Hello.
Today, I’d like to talk about treatment that makes the face appear smaller / intrusion orthodontic treatment.

2209
This patient had orthodontic treatment a long time ago, but came in because of protrusion and difficulty closing the lips, hoping to receive treatment for lip incompetence.
Since the patient had orthodontic treatment in the past, the alignment and bite are good.

2209
When there is lip incompetence, the mouth does not close comfortably, and in order to close it without showing the teeth, the upper and lower lips must remain under tension.
That can be very uncomfortable.
Lip incompetence and a chin dimple are symptoms that occur because the front teeth protrude forward, making it difficult to close the mouth properly.
When the front teeth are moved back through protrusion correction, lip incompetence and the chin dimple naturally improve. But if the degree of protrusion and chin dimple is severe, rather than simply pulling the front teeth back, we treat with intrusion orthodontics that lifts the entire dentition, from the upper front teeth to the molars, so that the lips can close more comfortably.
In orthodontic treatment for people in their 40s and 50s, the main focus is changes in the mouth area, such as nasolabial folds and an elongated philtrum.
Starting around age 35, when soft tissue aging begins, patients over 35 may be at greater risk of having deeper nasolabial folds after extraction orthodontic treatment than younger adult patients.
Many people preparing for orthodontic treatment worry about changes in the mouth area after treatment, such as deeper nasolabial folds and a longer philtrum.
For nasolabial folds to become deeper, the front teeth would need to be moved back a lot, by more than 4–5 mm, as in extraction orthodontic treatment.
In other words, in non-extraction protrusion correction, where the goal is to move the front teeth back only about 2 mm, issues with nasolabial folds are uncommon.

23.07

23.07
We decided to treat with Clippy-C, placed a total of 6 mini-screws—4 in the upper jaw and 2 in the lower jaw—and proceeded with treatment.
Below, the entire dentition is pushed backward, and in the upper jaw the entire dentition is both pushed back and lifted upward.

22.09~24.04

22.09~24.04
Here is the before-and-after comparison after 1 year and 7 months of treatment.
Since the original alignment and bite were good, there is not much difference in the intraoral photos other than improvement in the angle of the protruding front teeth.

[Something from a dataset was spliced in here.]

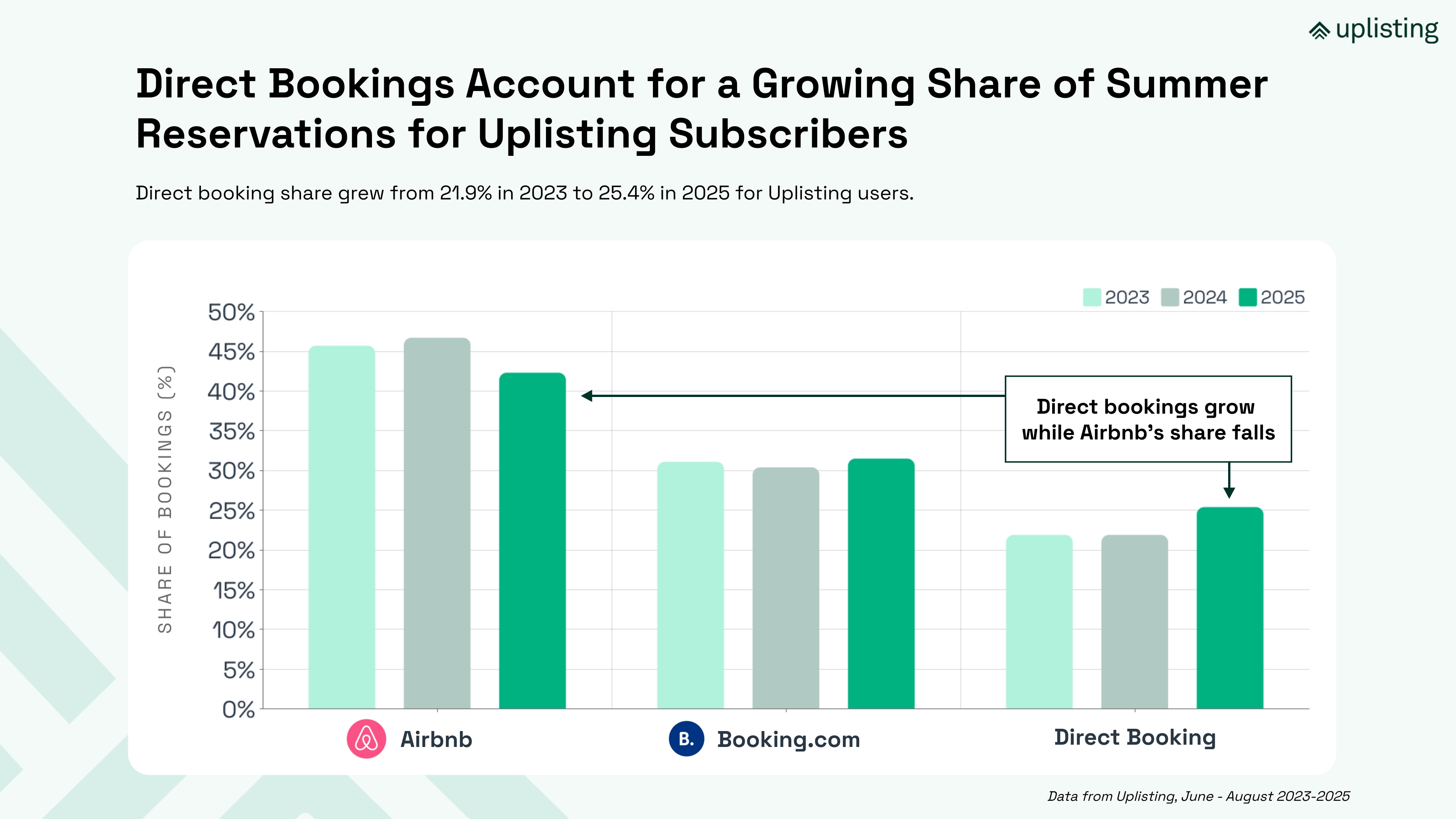 Direct bookings typically mean lower commission costs, more control over the guest experience, and stronger repeat guest potential. For Uplisting subscribers, the shift toward direct reservations is a sign of stronger brand-building and smarter channel management.

If you look at the superimposed X-rays before and after treatment, the retreatment effect is clearly visible.
With intrusion and posterior movement of the entire dentition, substantial autorevolution of the lower jaw occurred.
In general, treatment aims for about 2 mm, but in this case, about 3 mm occurred.
The area that had looked like a receding chin improved, and the chin dimple relaxed, creating a more natural line from the lower lip to the chin.
When autorevolution occurs, the chin tip moves upward, and from the front the vertical length of the lower face becomes shorter, making the face appear smaller.
Also, due to autorevolution, the chin tip moves slightly forward.
So in cases of a small lower jaw and a receding chin, since the receding-chin appearance also improves, intrusion orthodontics is actively recommended.
However, conversely, if the lower jaw is large and well developed, it is not recommended, because it would be undesirable for the chin tip to move further forward.

22.09~24.04

22.09~24.04
The most noticeable effect is that, by resolving the protrusion, the lips can close comfortably.
The nasolabial folds, which many patients worry about, did not deepen compared with the beginning.
If the front teeth had been moved back more than 2–3 mm, the nasolabial folds might have become deeper than they were initially.